Karin M.L. Gaensler (University of California San Francisco, San Francisco, CA) talked about establishing neonatal murine models as tools for exploring strategies for the induction of tolerance. Using adeno-associated virus (AAV)-mediated gene delivery in a neonatal model, they were able to show induction of tolerance to human factor IX (hFIX). Higher levels were detected after administration of AAV8-hFIX than AAV1-hFIX. The Gaensler group also combined transplantation during the neonatal period with a positive selection strategy for in vivo amplification of drug-resistant donor HSCs. BM-derived HSCs were transduced ex vivo by LV-mediated gene transfer of the DNA repair enzyme P140K-O ⁶-methylguanine-methyltransferase (P140-MGMT). The P140-MGMT DNA repair enzyme confers resistance to benzylguanine, an inhibitor of endogenous MGMT, and to chloroethylating agents such as BCNU. Enrichment of donor SC levels was achieved by successive cycles of low-dose, in vivo chemoselection. The group suggests that these approaches could enable further evaluation of mechanisms of tolerance induction during immune ontogeny.
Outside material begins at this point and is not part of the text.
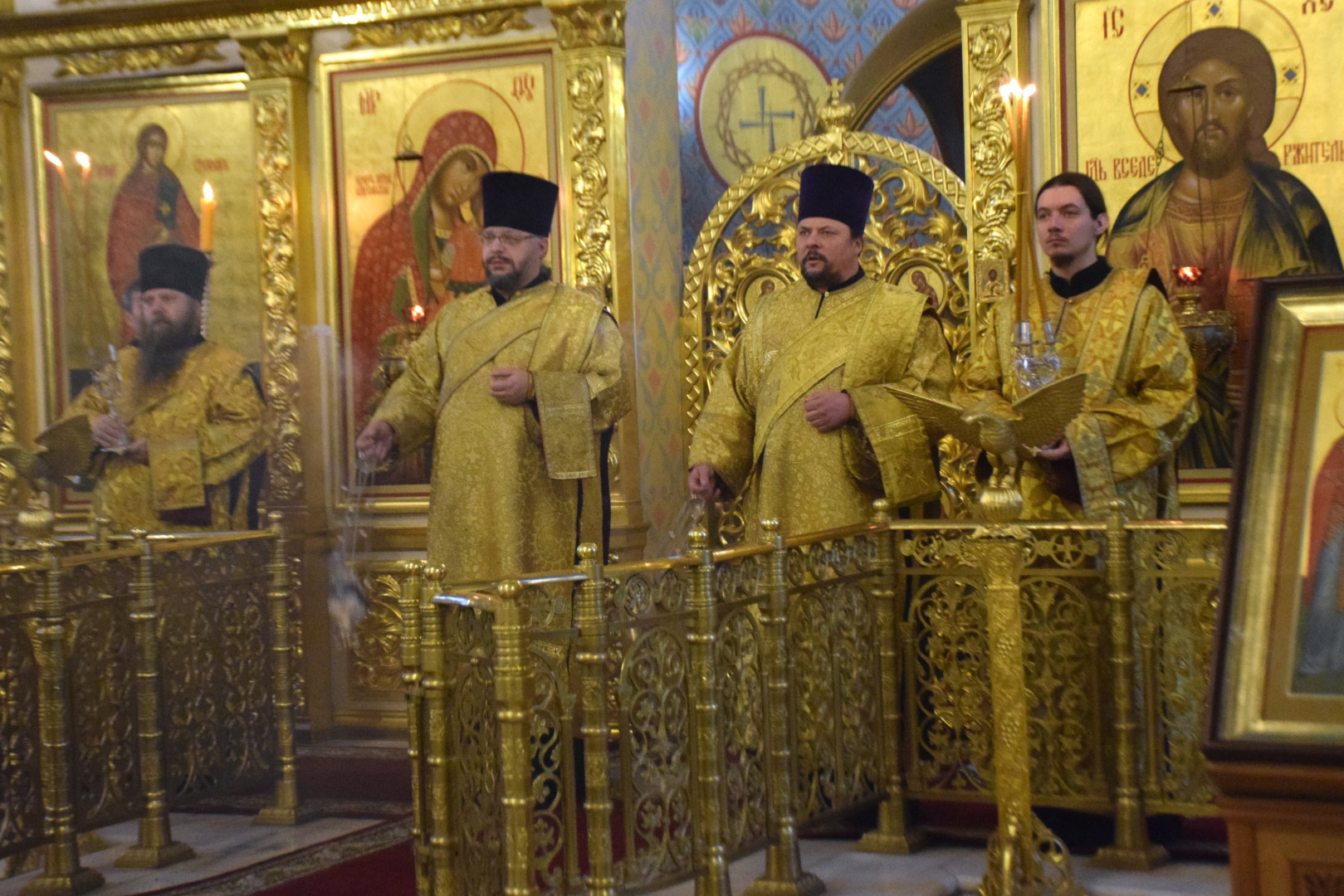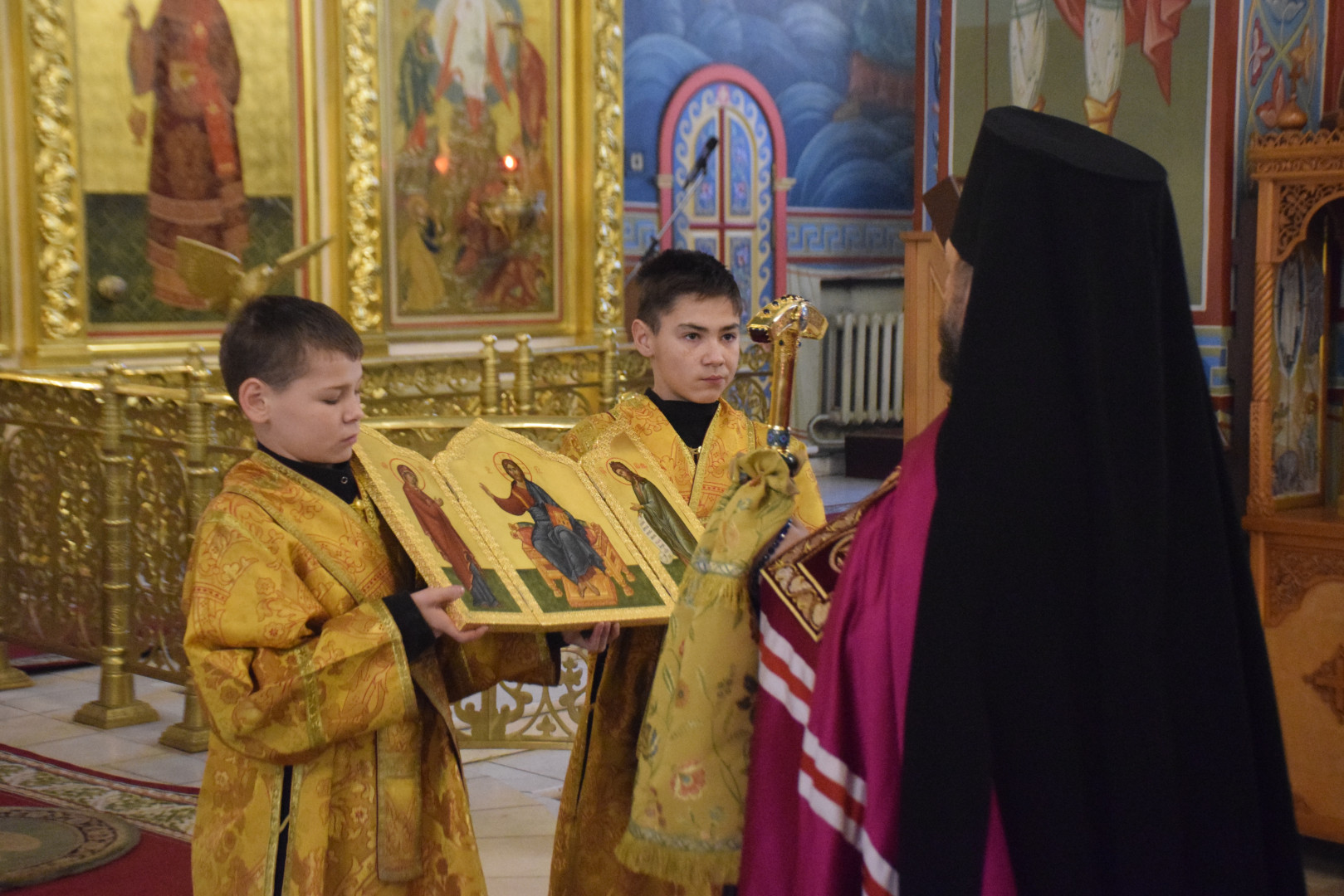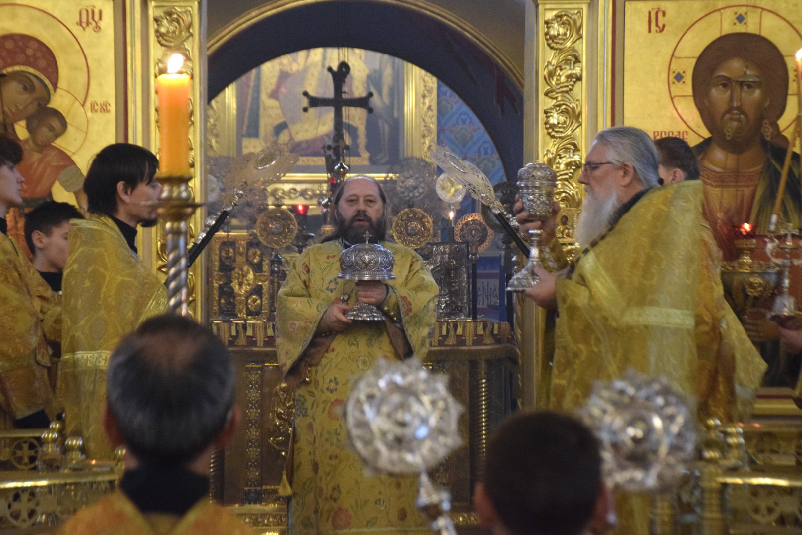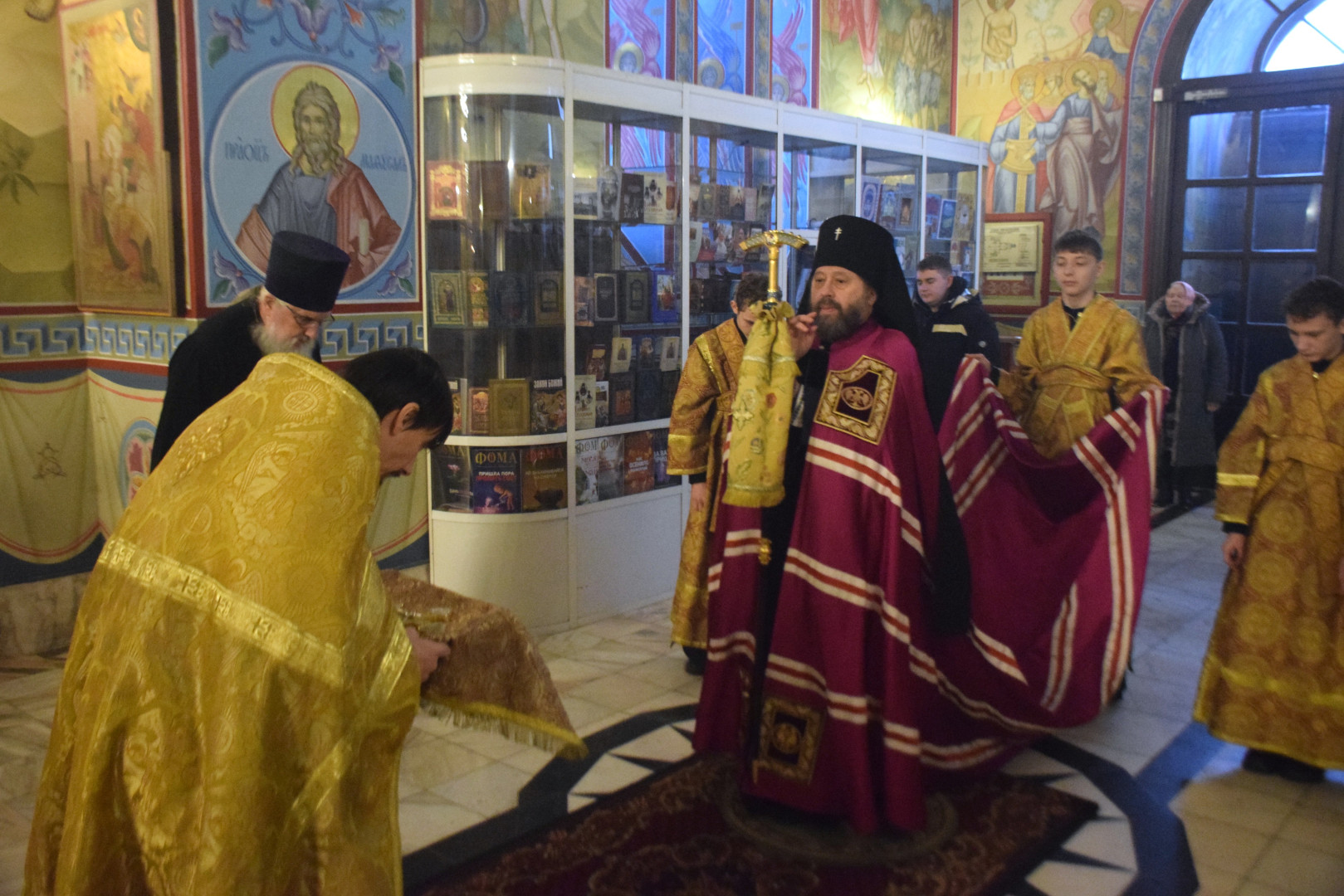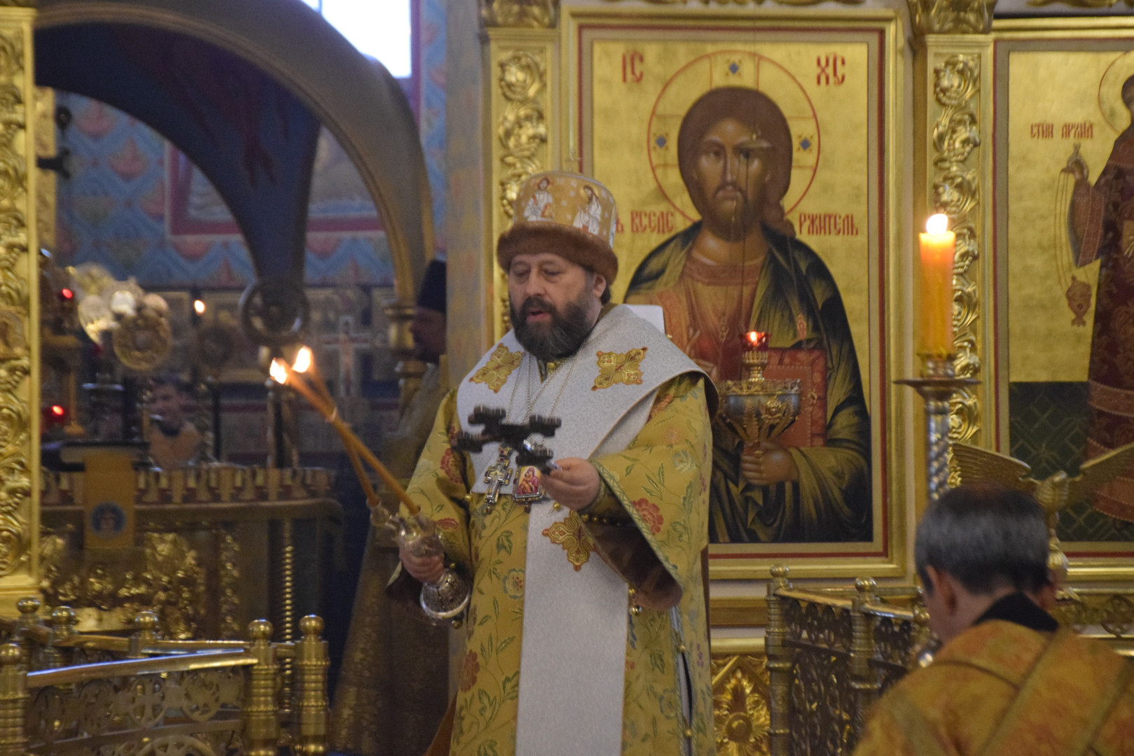 Владыке сослужили протоиерей Олег Попов и священник Евгений Девятов. Диаконский чин составили протодиакон Андрей Ермаков, диаконы Сергий Симонов и Владислав Бойченко. Богослужебные песнопения исполнил архиерейский хор под управлением Марии Ермаковой.
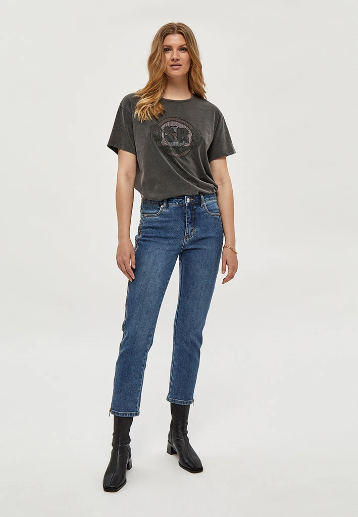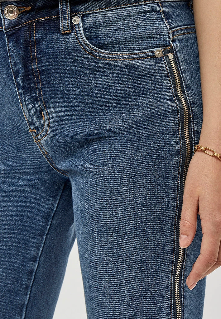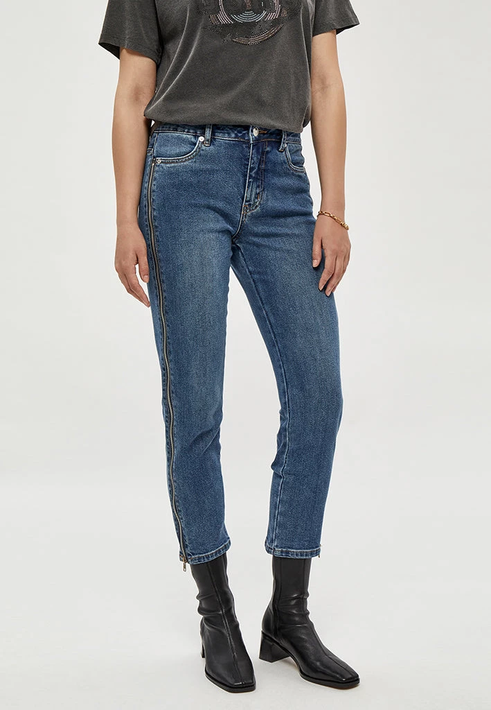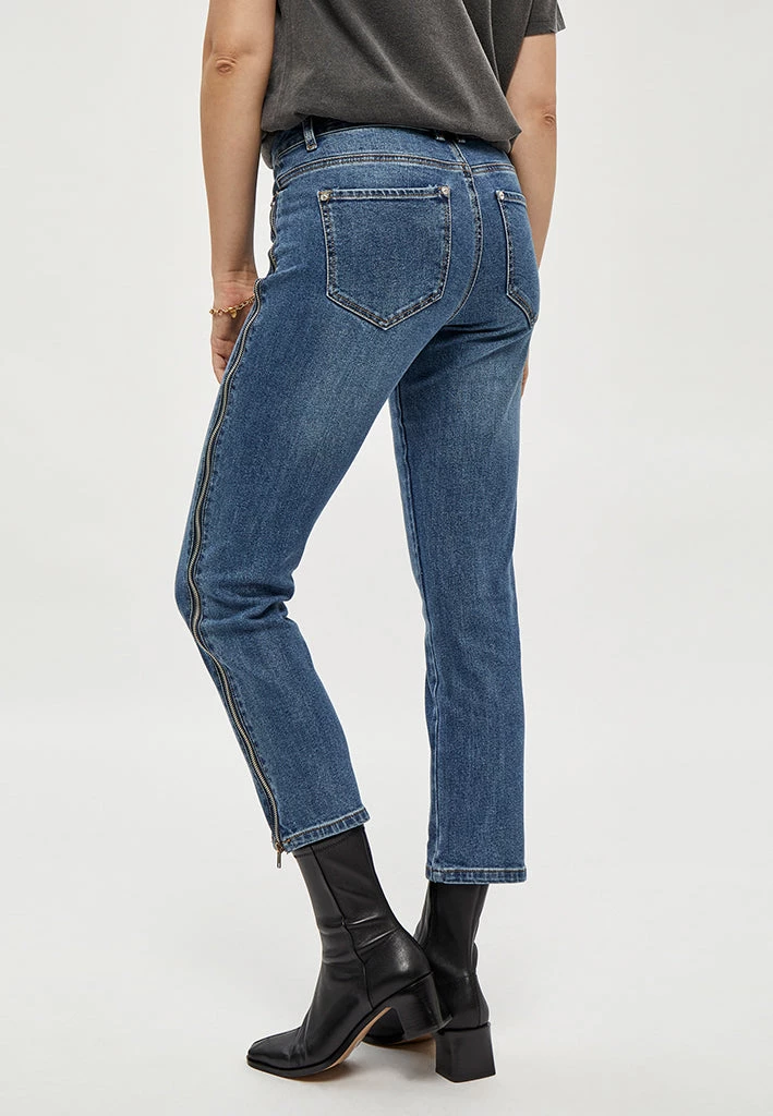 Cool denim jeans. The jeans have both front and back pockets. They have a cool zipper detail down the legs.

Yasufumi Kaneda (Division of Gene Therapy Science, Graduate School of Medicine, Osaka University, Osaka, Japan) described the development of anticancer strategies using the hemagglutinating virus of Japan (HVJ) envelope. This virus was isolated in Japan in the 1950s. It is a mouse parainfluenza virus that binds to glycoproteins and glycolipids containing sialic acid and has membrane fusion activity, producing abundant viral proteins from the RNA genome. The researchers used inactive HVJ particles and by incorporating plasmid DNA they created the HVJ-E vector, allowing the direct entry of genes into the cell cytoplasm, and then to the nucleus. siRNA can also be delivered at high efficiency by HVJ-E to cells either in vitro or in vivo. HVJ-E/Eg5 siRNA affects only growth-promoting cells during the separation of centrioles and formation of mitotic spindles. They investigated the treatment of glioblastoma using HVJ-E/Eg5 siRNA and cell survival was greatly reduced. The centrioles did not separate and mitotic spindles did not form. They eradicated intracranial U-118 mouse glioblastoma tumors by a single stereotactic injection of HVJ-E/Eg5 siRNA. After 3 months, 80% of the mice had survived and no tumors were seen in the brain. They also injected tHVJ-E/Eg5 siRNA into normal brain tissue and no apoptosis or tissue damage was observed. They also found that HVJ-E itself has antitumor activity when they injected the vector into CT26 tumors. Sixty percent of the mice became tumor free after three injections of the empty vector. The surviving mice were rechallenged with the same CT26 tumors 10 months later and all mice rejected the tumors. Similar suppression was observed in renal cancer tumors. Their finding suggested that natural killer (NK) cells can be activated by HVJ-E, through the secretion of chemokines and cytokines by DCs.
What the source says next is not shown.